Following Gavin’s investigation I decided to run a self-experiment. The goal is to understand caffeine’s effect on my cognition.

As he suggested, I’ll be using Cambridge Brain Sciences for outcome measures. It’s a quick series of 3 tests, totalling <10 minutes daily. The three tests assess Memory, Reasoning, and Verbal, and then aggregate into a mysterious “C-score”. I’ll use the C-score as the main outcome metric, and only dig into the sub-scores for suggestive insights. I’ll take the CBS test each day between 9 and 10 AM.

The study will be as follows:

  1. Begin with 3 weeks of normal caffeine usage.
  2. Go through a 3-week “withdrawal” period without caffeine.
  3. Go 1 month of baseline “no-caffeine”.
  4. Go 1 month with 100mg caffeine pills daily.
  5. Go 1 month with 100mg caff + 100mg theanine.

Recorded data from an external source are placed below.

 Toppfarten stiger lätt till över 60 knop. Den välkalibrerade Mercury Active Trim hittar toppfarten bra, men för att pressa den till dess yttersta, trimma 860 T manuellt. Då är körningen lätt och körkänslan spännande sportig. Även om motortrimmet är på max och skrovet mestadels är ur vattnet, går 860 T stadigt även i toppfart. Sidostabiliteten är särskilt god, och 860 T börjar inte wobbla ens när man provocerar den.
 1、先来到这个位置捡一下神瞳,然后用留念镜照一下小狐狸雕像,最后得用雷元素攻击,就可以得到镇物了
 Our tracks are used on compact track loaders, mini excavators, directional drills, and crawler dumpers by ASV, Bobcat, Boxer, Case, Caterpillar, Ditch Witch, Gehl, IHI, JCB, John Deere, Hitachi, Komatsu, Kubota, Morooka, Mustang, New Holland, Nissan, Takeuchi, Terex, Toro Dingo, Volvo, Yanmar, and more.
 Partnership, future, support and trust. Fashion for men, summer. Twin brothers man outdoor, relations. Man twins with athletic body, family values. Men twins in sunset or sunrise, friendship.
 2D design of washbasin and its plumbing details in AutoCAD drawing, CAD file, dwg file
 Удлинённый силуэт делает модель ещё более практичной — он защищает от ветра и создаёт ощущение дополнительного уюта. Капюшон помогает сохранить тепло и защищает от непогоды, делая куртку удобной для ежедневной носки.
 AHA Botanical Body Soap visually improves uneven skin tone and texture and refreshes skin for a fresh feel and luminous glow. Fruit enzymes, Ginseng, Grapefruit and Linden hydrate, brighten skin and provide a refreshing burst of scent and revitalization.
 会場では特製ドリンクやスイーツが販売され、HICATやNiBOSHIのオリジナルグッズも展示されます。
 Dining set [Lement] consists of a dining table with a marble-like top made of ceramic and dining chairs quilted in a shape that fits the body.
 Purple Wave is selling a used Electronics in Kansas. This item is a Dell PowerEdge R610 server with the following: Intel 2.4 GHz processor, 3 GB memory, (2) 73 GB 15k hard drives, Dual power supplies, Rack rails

Compared to Gavin’s protocol, I’m making a few changes, with the following goals:

  1. Include a “bake-in” time for CBS testing in case there are practice effects. As some quick data, I’ve done two days so far, and my second day scored 40% higher than my first day. So either there’s a ton of variance or a meaningful practice effect. Though of course I don’t expect the magnitude of this effect to stay so large.
  2. Test before and during withdrawal, to see the magnitude of effect and the recovery time.
  3. Isolate caffeine vs theanine, since theanine is relatively inconvenient and I want to know if it has any additional benefit.

I’m concerned about the dosage. This post suggests that 100mg is approximately the contents of 10g coffee beans, and I regularly consume 2-3x that amount daily. So is 100mg a “realistic” dosage? And if we want to understand the dose-effect relationship, shouldn’t we measure a more extreme value? Gelman discusses the general question:

  1. For estimating a linear effect, you typically want to measure on the extremes.
  2. If there are possible nonlinearities, you might want to measure in the middle as well. He concludes:

    Under reasonable assumptions about nonlinearity, we find that, unless sample size is very large, the design with no interior measurements is best, because with moderate total sample sizes, any nonlinearity in the dose–response will be difficult to detect.

This suggests I should try to pick the highest dose in the “rising” part of the graph, maybe 200 or 300mg. I have a lot of time to think about this though, since it doesn’t kick in until phase (4).

Other caveats/concerns:

  1. If there is a “ritual” effect from drinking hot water, decaf, or herbal tea, should I avoid those?
  2. If there is a slow practice effect it may confound the results.
  3. Over the study period, many things in my life will be relatively unstable, so this effect if small may wash out, or I may have spurious results.

Analysis plan:

My primary analysis will be a linear regression: \(y = \beta_0 + \beta_1x_1 + \beta_2x_2 + \beta_3x_3 + \beta_4x_4\). \(y\) is the c-score for a given day, the \(x_i\) are indicators for the periods 1,2,4,5 as described above. So the baseline is “normal caffeine usage”.

I also intend to run another regression with an additional day_since_start variable, which should tell me if there’s a practice effect.

To get a sense for the measurable effect size:

In [1]: import statsmodels.stats.power as ssp

In [2]: ssp.tt_ind_solve_power(effect_size=None, nobs1=30, alpha=.05, power=.8)
Out[2]: 0.7356198424871614

This output (0.74) is the smallest effect I’ll be able to pick up: 3/4 of a standard deviation. This is a fairly large effect, and I don’t expect the true effect to be this large.

It would also be good to know the optimal cycle time: I don’t expect to have nearly enough data to determine this. I’ll probably play around with some other exploratory analysis as well.